Rare Clockwise Tornado
(Inside Science) -- Tornadoes usually rotate counterclockwise but what happens when one is spotted turning the opposite direction?
“A tornado is a usually violently rotating column of air that extends from a thunderstorm. And that’s the general definition of it,” said Davis Nolan, a broadcast meteorologist at WKRN-TV, in Nashville, Tennessee.
A tornado -- in the Northern Hemisphere -- usually spins counterclockwise but on rare occasions it can twist clockwise and is called an anticyclonic tornado.
“Well, it all started with actually video -- we got a video in our TV station from a lady that lives in the neighborhood where it went through. It did damage,” said Nolan.
You can also see the anticyclone here on the radar. Red indicates winds moving away from the radar and green show winds moving toward the radar creating a circle.

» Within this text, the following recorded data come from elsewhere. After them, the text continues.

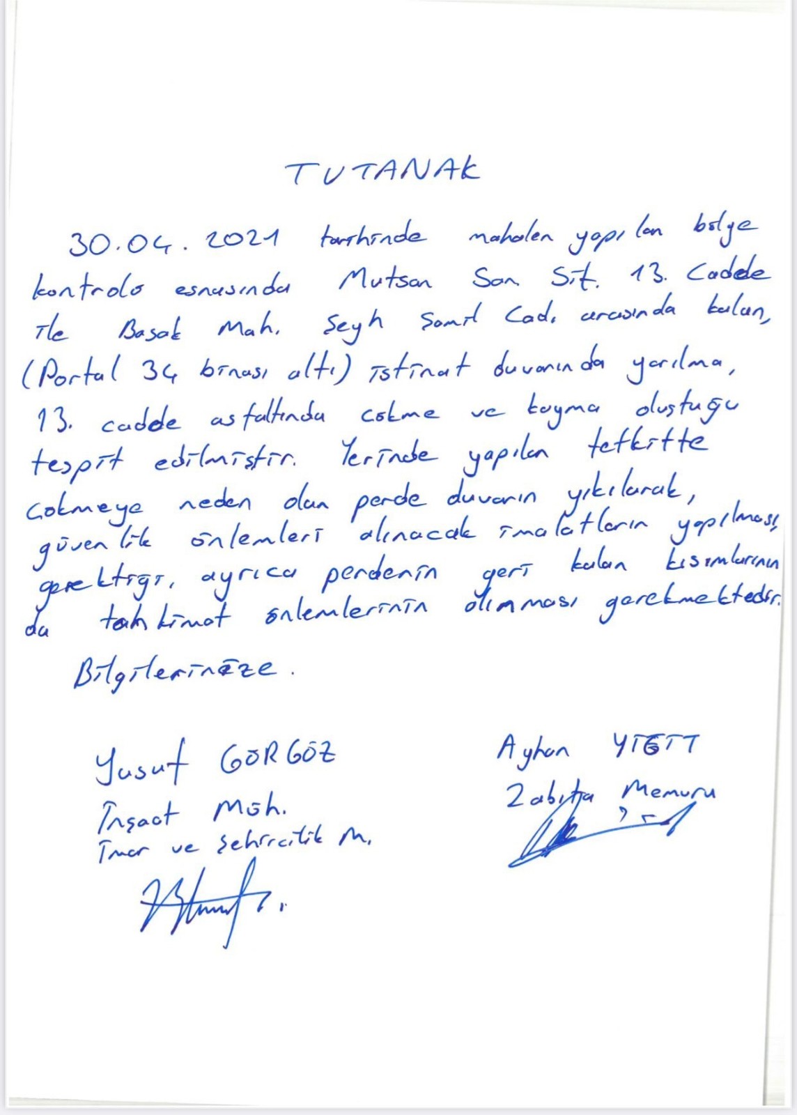“Başakşehir Belediyesi saha kontrol ekiplerimiz tarafından 30.04.2021 tarihinde yapılan denetimler sırasında 13. Cadde ile Şeyh Şamil caddesi kesişiminde ve İOSB sorumluluğunda bulunan alanda istinat duvarlarında EK1 fotoğraflarda görüldüğü üzere ayrılma tespit edilmiş, Ek2 tutanak ile imza altına alınmıştır. Fen İşleri ekiplerimiz tarafından 24 saat içerisinde Şeyh Şamil Caddesi tek yönlü olarak trafiğe kapatılmış, yönlendirme - güvenlik önlemleri alınmış, atıksu ve yağmursuyu bacalarının deplasesi yapılmış ve kontrollü yıkıma başlanmıştır. Yaklaşık 120 metrelik duvarın, 34 metrelik hareket eden anosu yıkılmış olup, henüz hareketi başlamamış diğer anolar için günlük deformasyon ölçümleri yapılarak hareketi izlenmiştir. Sonrasında ekiplerimiz tarafından 34 metrelik duvar için kazık ve perde projeleri hazırlanmış, kazıkları tamamlanmış ve temel demirleri bağlanmıştır. Kırım ve kazı sırasında 7 metre yüksekliğinde perdenin yeterli donatıya sahip olmadığı, perde altında herhangi bir kazık imalatı yapılmadığı, perde arkasında drenaj bulunmadığı ve niteliksiz malzeme ile dolgu yapıldığı tespit edilmiştir. Diğer duvarlar için tamamen yıkılıp yeniden yapılmadan zemin çivisi yöntemi ile güçlendirme projeleri üzerine çalışırken, bir anoda hareket tespit 2 cm hareket tespit edildi. Bu hareket haziran başında 4 santimetre ve sonrasında 7 santimetre oldu. Bu hareket sonrasında perdenin güçlendirilmesinden vazgeçilerek, yıkılarak yenilenmesine karar verildi. Yeniden yapım projeleri başlatıldı, devrilme ihtimaline karşı arka kısmına topuk malzeme serildi ve kazı yapılabilmesi için perde üzerindeki atıksu ve yağmursuyu hatlarının deplase çalışmaları başlatıldı. Bu durum 11.06.2021 tarihinde yazımız ekindeki resmi yazı ile İOSB Başkanlığına bildirilmiştir. 18.06.2021 tarihinde yağan şiddetli yağmurlar sonrasında perde devrildi, alınan güvenlik önlemleri neticesinde üzücü bir olay yaşanmamıştır.”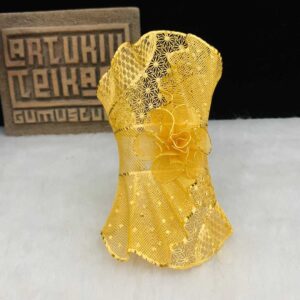 Artuklu Telkari, tarihi gümüş işleme sanatını, günümüz modern takı işlemeciliğiyle birleştirerek, tamamen müşterisine özel tasarımlar üretmektedir. Artuklu Telkari de, güvenli ve kolay alışveriş imkanı ile gümüş işleme ve altın kaplama gümüş çeşitleri bulunmaktadır. İncelediğiniz, Altın Kaplama Gümüş Fizyon Gelin Seti tamamen el işçiliği ile size özel üretilecektir.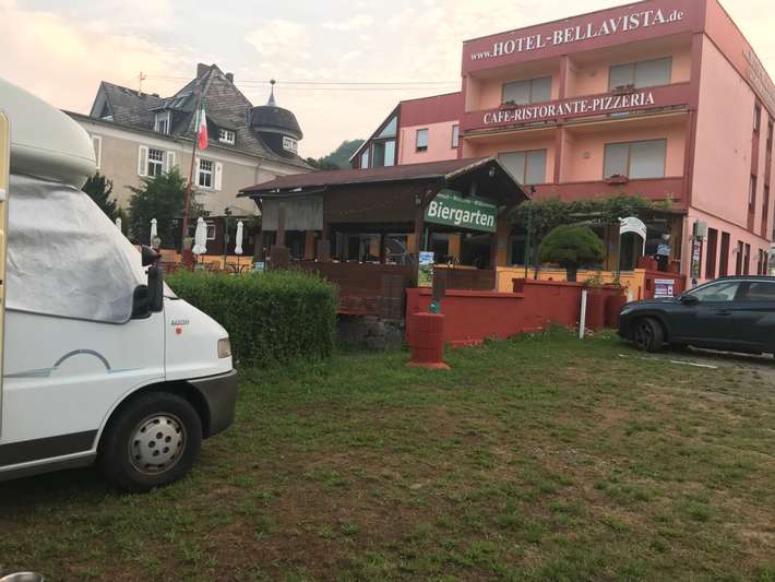Hotel with 3 pitches for campers. On lawn with direct view of the Rhine. Breakfast possible, restaurant and beer garden for cozy hours. Electricity should be put in shortly. V / E at 500 m.
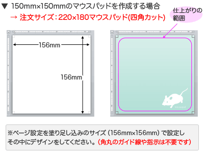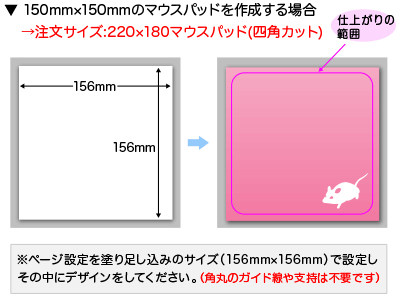 - 150mm×150mmに塗り足し(上下左右3mmずつ)を足したサイズでページ設定し作成します。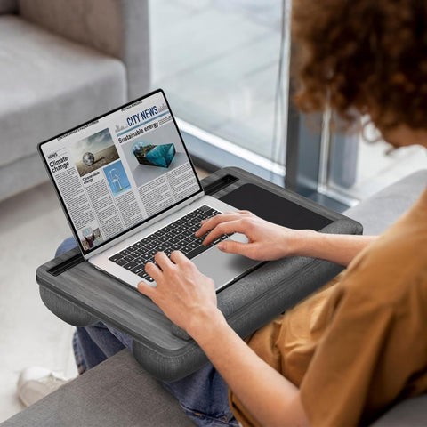 Suport Laptop cu Mousepad, Suport Telefon, Tableta, Ergonomic, Perna Dubla, Portabil, 10-16", 58x38x8 cm, Negru/Gri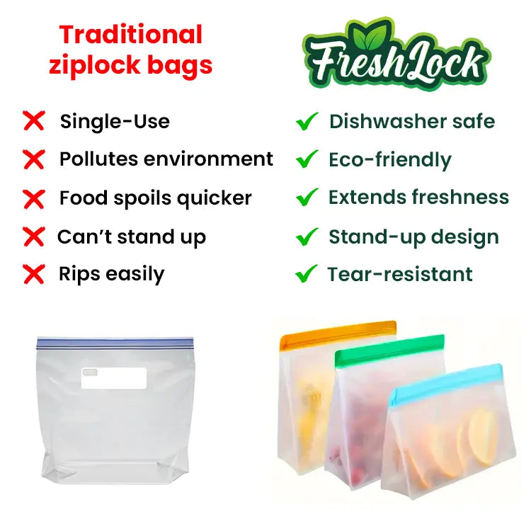 FOOD-GRADE AND 100% SAFE: Made from premium food-grade PEVA, FreshLock is completely PVC-free, lead-free, chloride-free and BPA-free so they're safe for storing all your favorite foods. Our high-quality material ensures your family's food stays fresh without harmful chemicals.

“That’s how you find the tornado, red next to the green. Well, you look to the red next to the green -- it was flipped opposite to a clockwise, sure enough. So, then I made an animation. The very next day, the National Weather Service went down and surveyed the damage and said it was a rare anticyclonic, or clockwise in our hemisphere, tornado that touched down just southeast of Shelbyville, Tennessee. And the way they described it was a rare and unique EF1 anticyclonic,” concluded Nolan.